Who Do You Trust? The Issue of Spiritual Authority

Copyright 1995 by John R. Mabry

*This article previously appeared in an issue of _Creation Spirituality_ magazine.*

A few weeks ago I was attending a pagan seasonal festival with another former Southern Baptist, and found myself commiserating with her over the final death of the "Baptist ideal." As wine flowed, fire crackled, and our pagan friends danced with abandon, my friend and I, both liberal Christian clergy, were discussing the recent affair of a North Carolina Southern Baptist Church which had decided to bless homosexual unions.

The decision, as we heard the story, had come with no small amount of prayer and consideration. When their board of deacons decided in favor of the unions, all hell broke loose in the Convention.

This is hardly surprising. We had been watching with increasing uneasiness as the denomination slowly became more and more reactionary and fundamentalist. The fundamentalist takeover is by now pretty much complete, with Southern Baptist moderates forming their own sub-denominational groups.

Finally it was decided that this particular church should be expelled from the Convention. This is a historic decision, because one of the things that makes Baptists Baptist is the hardcore belief in the autonomy of the local church.

Early Baptist history is really quite rebellious and anything but authoritarian. Classically, the individual church decides what it will and will not do and teach. Pastors have the pulpit, but it is up to the deacons (laity all, the equivalent of elders or the vestry) to hire, fire, and make the "big" decisions.

But then, my friend-who had actually studied Baptist history in depth-told me of a doctrine which lies at the very foundation of Baptist thought, but which neither of us had ever heard in all of our years growing up in the denomination: the doctrine of "sole competency."

Mostly a reaction against authoritarian clericalism in the Roman and Reformed churches, "sole competency" proclaimed the right of each individual believer to decide for him or herself how they interpret the scriptures.

This radical idea gives one a glimpse of just how revolutionary the early Baptists were, and how far removed those who currently use that name are from their predecessors.

To quote the Psalmist: " O how the mighty are fallen."

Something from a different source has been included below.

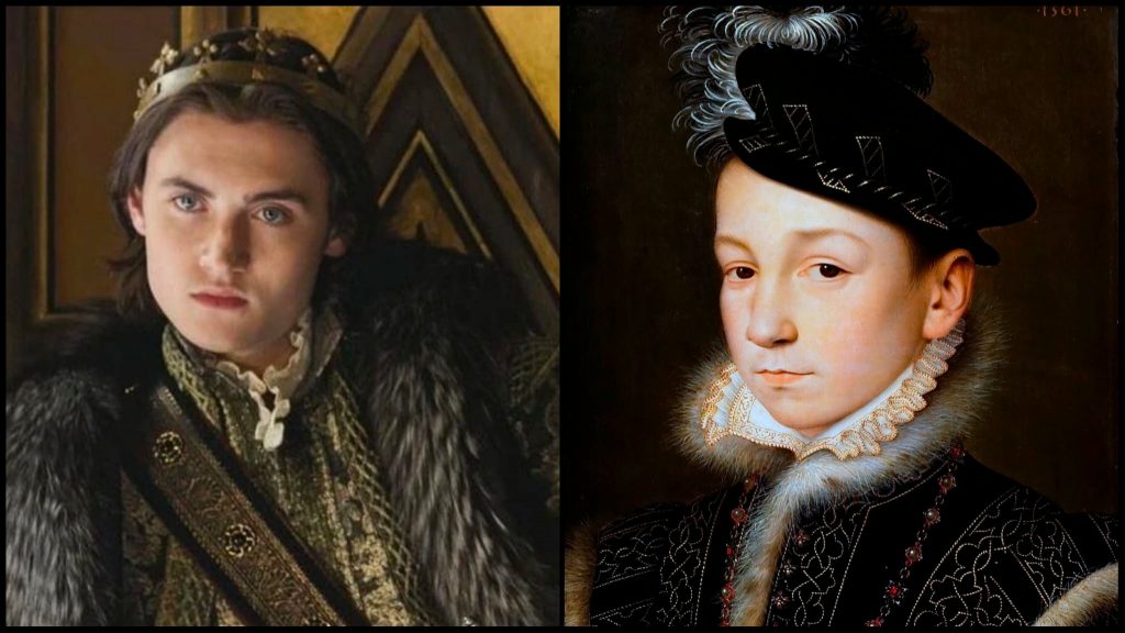 In History: Catherine de Medici was indeed a force to be reckoned with at the French court at this time, not least because King Charles was still a young teenager of fourteen/fifteen. His brother Henri was a year younger still, so they were hardly fighting over women and the throne. Their sister, Queen Elisabeth of Spain (Leeza in the show) did not try to make France a vassal state of Spain. She had little interest in the politics of the country in which she was queen, let alone the one she had left behind. She actually remained close to Mary, Queen of Scots, and would have been a safe haven for her former sister-in-law when she escaped Scotland, but she unfortunately died in childbirth before any plans could be made.

Similarly, few of my Roman Catholic friends are aware of the declaration of "internal authority" found in the Declaration on Religious Freedom of the Vatican II documents. "Internal authority" refers to the individual's responsibility to follow his or her conscience regardless of whether that conscience is in conflict with civil or religious authorities. I personally know many faithful Roman Catholic people who exercise artificial birth control, yet agonize over what is, after all, common sense and good conscience.

Why the secrecy? Why is it a secret that the final religious authority resides within each one of us, for each one of us? Why do we hand over our power so quickly, so willingly?

Because we were taught to do so. In their phenomenal book on religious authoritarianism, The Guru Papers, Joel Kramer and Diana Alstad write that "if children are taught to mistrust themselves...as adults they will have little option other than looking for someone else to trust." They go on to explain that if people are conditioned not to trust themselves, "they will give away what power they have to those they think can protect them. The problem is that in doing so, one is no longer protected from one's protectors.... This leads to corrupt, power-driven hierarchies that care little about the well-being of people" (emphasis mine).

Although hierarchical abuse is no stranger to Buddhism, the Buddha claimed no divine inspiration or external authority. His teaching condemns "blind faith," and emphasizes trust in one's own personal experience and capacity for critical judgment. "Be not led by the authority of religious texts," the Buddha said, "nor by mere logic or inference...nor by the idea 'this is our teacher.' But...when you know for yourselves that certain things are wholesome and good, then accept them and follow them."

The Goddess tradition, too, is exemplary in advocating oneself as prime spiritual authority. Ginia Webster in the Temenos Journal says that self-trust in regard to spiritual matters is crucial to living the "Goddess Lifestyle." "It is," she says, "following your inner voice instead of listening to external pressures. It is trusting your own wisdom, and knowing that the details will fall into place as you move in the direction of your heart's path. It is trusting with confidence that you know what you know, you see what you see, you feel what you feel."

It is like my pagan friends in ecstatic motion all around us, trusting their hearts, trusting their feet. And now I wonder to myself, why is it that my friend and I were mourning on the bench, instead of dancing in the Spirit?